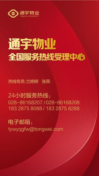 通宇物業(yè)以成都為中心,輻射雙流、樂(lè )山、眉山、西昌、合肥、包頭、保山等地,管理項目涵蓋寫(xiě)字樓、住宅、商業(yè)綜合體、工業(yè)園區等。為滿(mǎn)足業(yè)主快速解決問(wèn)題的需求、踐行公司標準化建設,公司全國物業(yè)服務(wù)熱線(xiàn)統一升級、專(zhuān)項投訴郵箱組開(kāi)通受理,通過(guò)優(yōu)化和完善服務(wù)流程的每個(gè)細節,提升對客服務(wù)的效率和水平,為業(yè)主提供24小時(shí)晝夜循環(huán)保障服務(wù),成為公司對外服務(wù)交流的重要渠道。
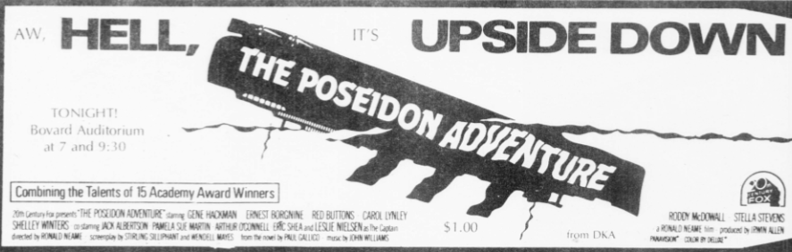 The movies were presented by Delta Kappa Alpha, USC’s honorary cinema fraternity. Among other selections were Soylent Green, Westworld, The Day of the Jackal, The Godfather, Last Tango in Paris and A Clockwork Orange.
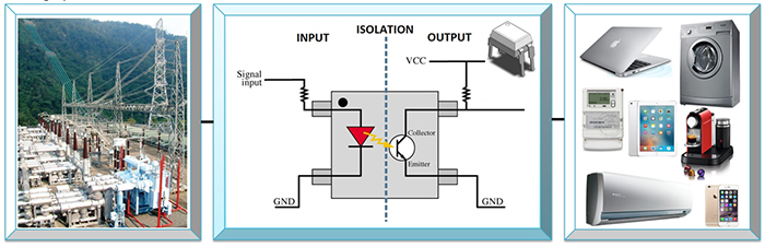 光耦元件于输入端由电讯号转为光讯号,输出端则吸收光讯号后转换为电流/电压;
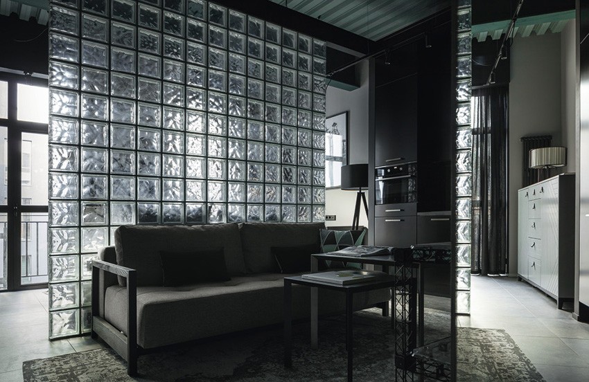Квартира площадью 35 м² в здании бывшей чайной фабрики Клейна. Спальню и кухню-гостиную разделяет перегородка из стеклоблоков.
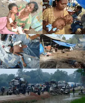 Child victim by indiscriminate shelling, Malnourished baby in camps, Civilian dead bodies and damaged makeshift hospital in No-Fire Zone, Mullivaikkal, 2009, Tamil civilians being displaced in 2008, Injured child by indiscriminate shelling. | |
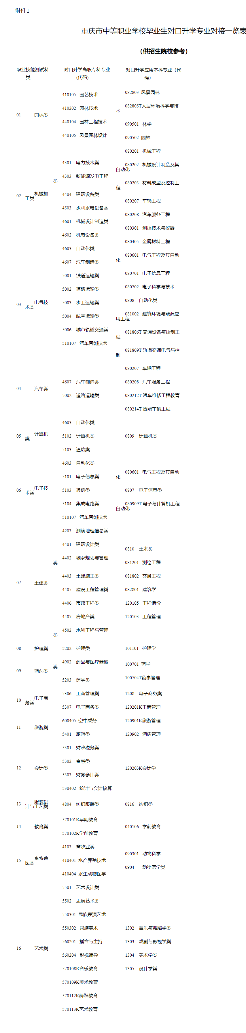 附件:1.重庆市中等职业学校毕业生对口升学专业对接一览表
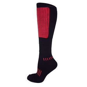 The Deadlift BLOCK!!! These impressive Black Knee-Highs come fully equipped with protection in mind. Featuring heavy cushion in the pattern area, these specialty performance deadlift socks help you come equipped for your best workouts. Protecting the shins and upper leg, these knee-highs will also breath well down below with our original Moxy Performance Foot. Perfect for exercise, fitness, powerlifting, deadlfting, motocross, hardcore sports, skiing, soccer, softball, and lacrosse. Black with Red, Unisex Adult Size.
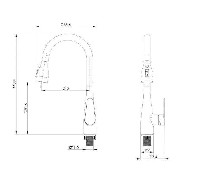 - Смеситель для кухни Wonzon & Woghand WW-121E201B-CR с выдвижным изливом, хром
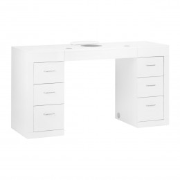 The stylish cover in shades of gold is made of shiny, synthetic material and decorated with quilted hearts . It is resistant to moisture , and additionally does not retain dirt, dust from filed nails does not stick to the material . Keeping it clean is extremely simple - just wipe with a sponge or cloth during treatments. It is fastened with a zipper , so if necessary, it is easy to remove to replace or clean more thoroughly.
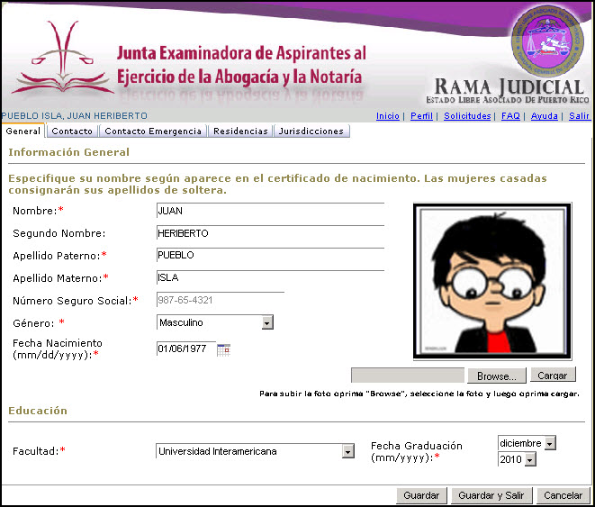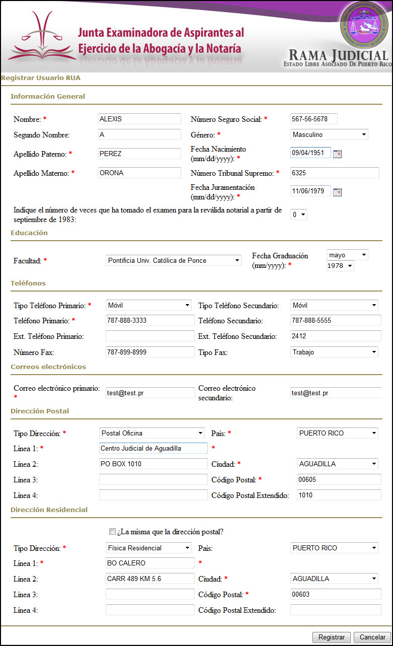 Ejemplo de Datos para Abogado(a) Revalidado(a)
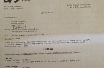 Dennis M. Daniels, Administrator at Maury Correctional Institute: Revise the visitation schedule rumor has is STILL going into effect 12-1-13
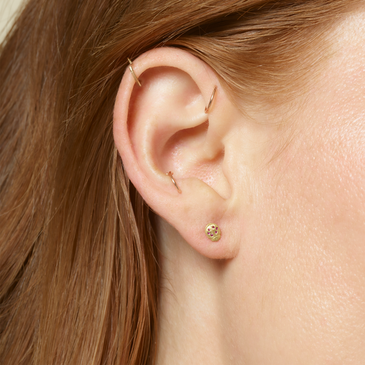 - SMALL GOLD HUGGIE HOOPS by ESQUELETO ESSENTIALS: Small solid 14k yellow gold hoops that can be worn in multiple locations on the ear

◇ ◇ ◇ ◇ ◇ ◇ ◇

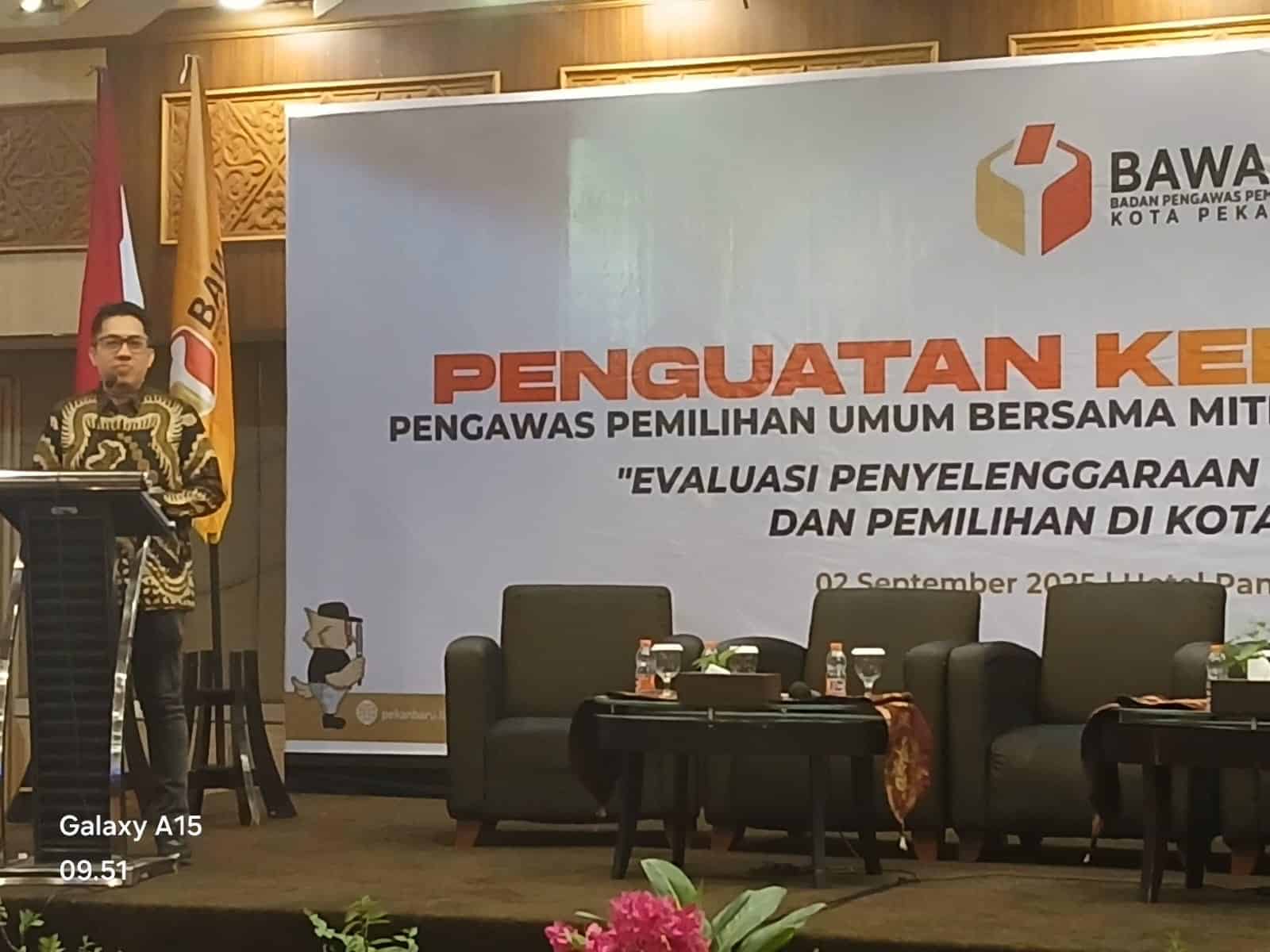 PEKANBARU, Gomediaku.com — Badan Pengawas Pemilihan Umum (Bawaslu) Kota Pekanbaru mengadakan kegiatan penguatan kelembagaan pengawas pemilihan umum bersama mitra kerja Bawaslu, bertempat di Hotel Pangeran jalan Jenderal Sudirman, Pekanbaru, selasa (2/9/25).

◇ ◇ ◇ ◇ ◇ ◇ ◇

Work to complete — After locating the line containing "The Deadlift BLOCK!!!" in the entries above, return it and every line after it exactly, ending at the line containing "- SMALL GOLD", without pictures.

Problem solution —
 The Deadlift BLOCK!!! These impressive Black Knee-Highs come fully equipped with protection in mind. Featuring heavy cushion in the pattern area, these specialty performance deadlift socks help you come equipped for your best workouts. Protecting the shins and upper leg, these knee-highs will also breath well down below with our original Moxy Performance Foot. Perfect for exercise, fitness, powerlifting, deadlfting, motocross, hardcore sports, skiing, soccer, softball, and lacrosse. Black with Red, Unisex Adult Size.
 - Смеситель для кухни Wonzon & Woghand WW-121E201B-CR с выдвижным изливом, хром
 The stylish cover in shades of gold is made of shiny, synthetic material and decorated with quilted hearts . It is resistant to moisture , and additionally does not retain dirt, dust from filed nails does not stick to the material . Keeping it clean is extremely simple - just wipe with a sponge or cloth during treatments. It is fastened with a zipper , so if necessary, it is easy to remove to replace or clean more thoroughly.
 Ejemplo de Datos para Abogado(a) Revalidado(a)
 Dennis M. Daniels, Administrator at Maury Correctional Institute: Revise the visitation schedule rumor has is STILL going into effect 12-1-13
 - SMALL GOLD HUGGIE HOOPS by ESQUELETO ESSENTIALS: Small solid 14k yellow gold hoops that can be worn in multiple locations on the ear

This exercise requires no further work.